Data excerpt ::
· · · · ·

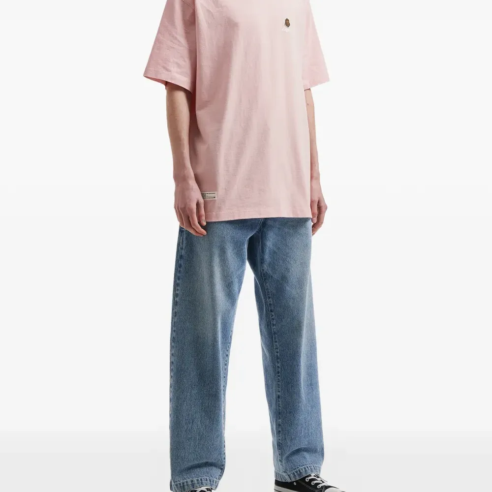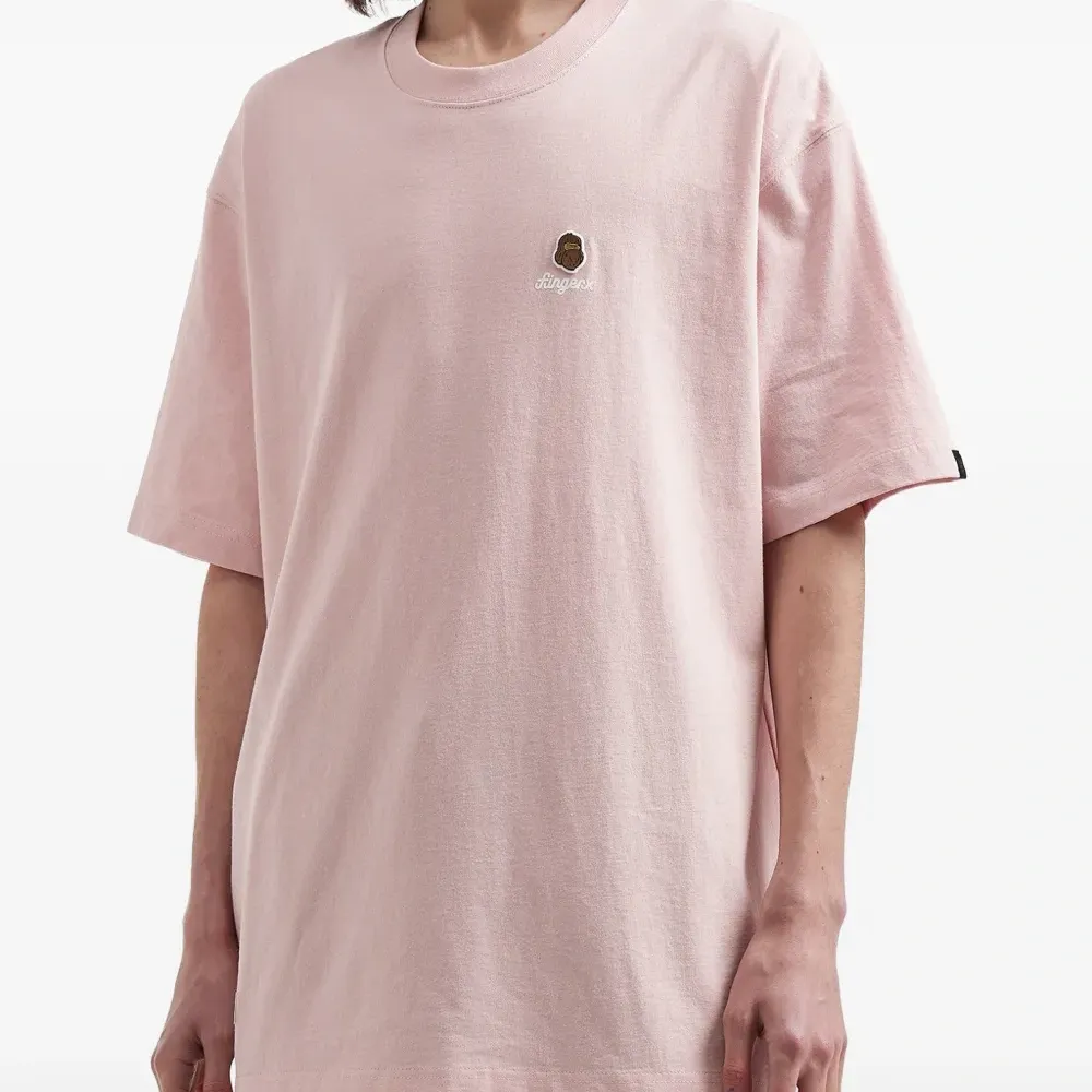 розовая футболка с вышивкой, круглый вырез, короткие рукава
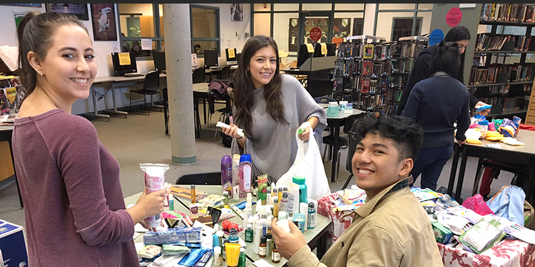less fortunate with toques, gloves, toiletries, crayons, pens, pencils and
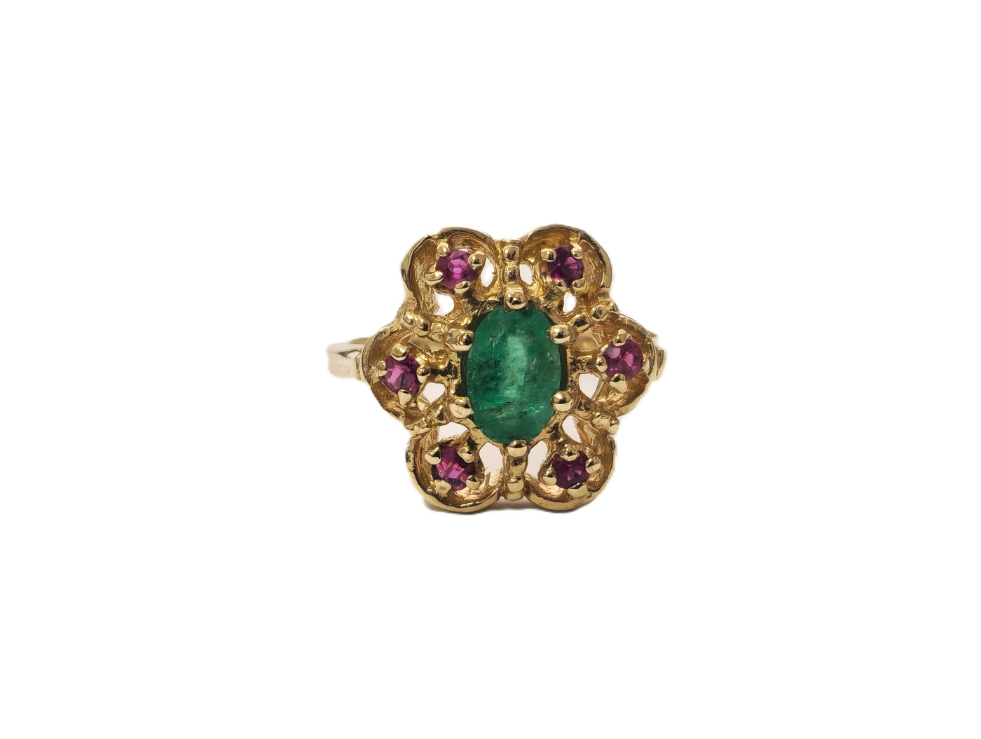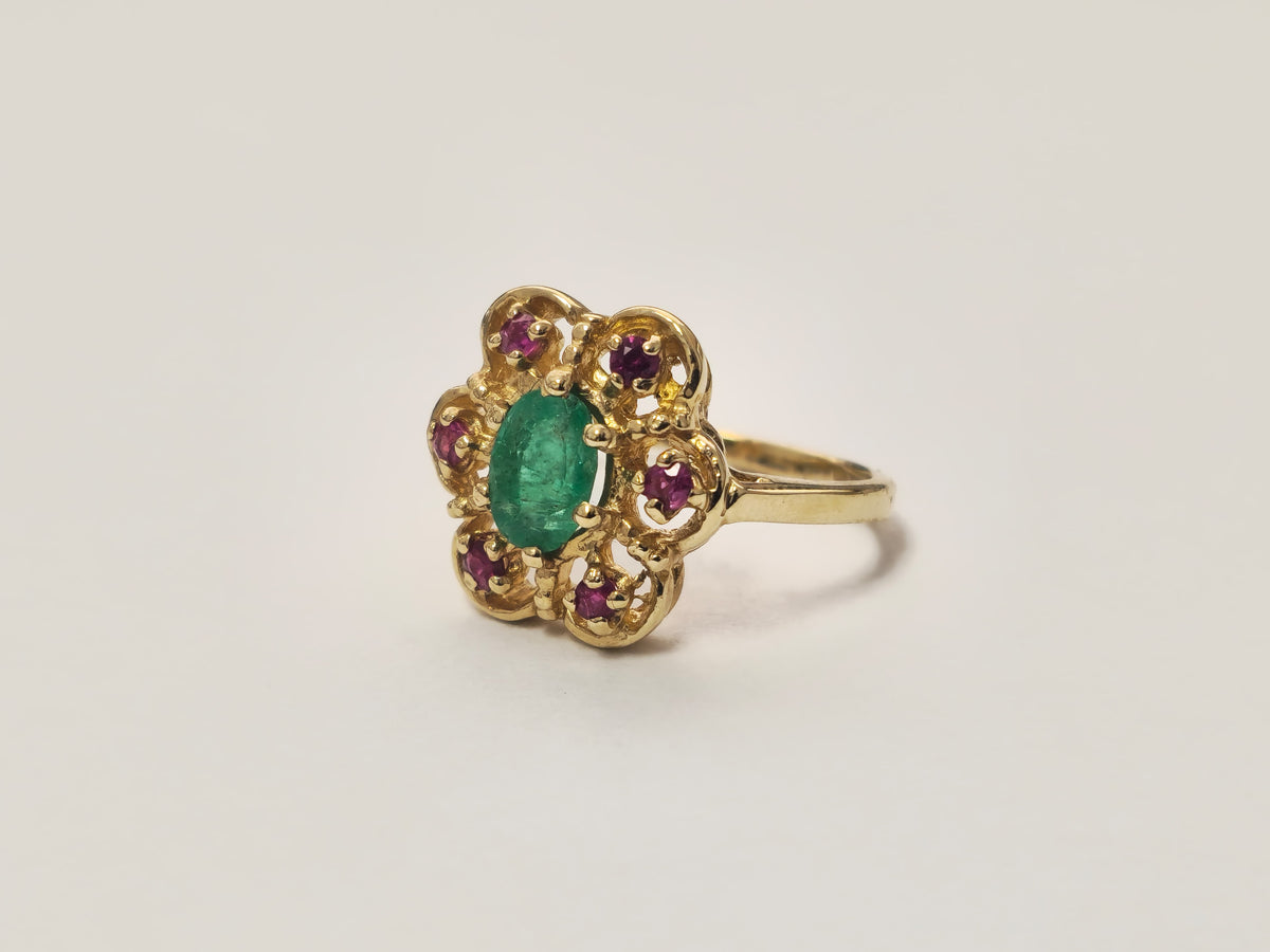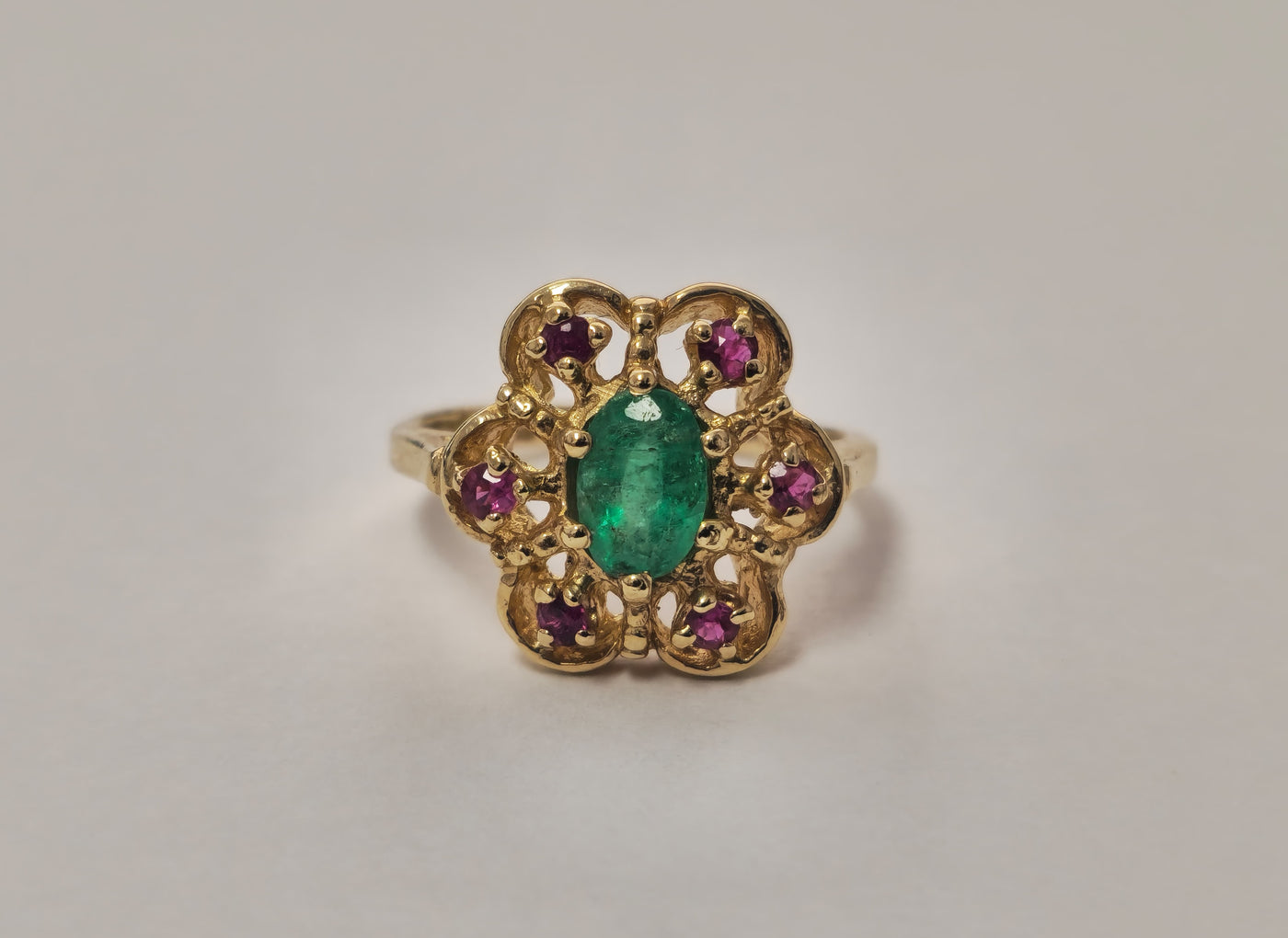 Elegant 14K Gold Ladies Ring with Ruby and Emerald

· · · · ·

Where pictures occur in the material above, omit them and return everything else exactly.

Solved problem ::
 розовая футболка с вышивкой, круглый вырез, короткие рукава
less fortunate with toques, gloves, toiletries, crayons, pens, pencils and
 Elegant 14K Gold Ladies Ring with Ruby and Emerald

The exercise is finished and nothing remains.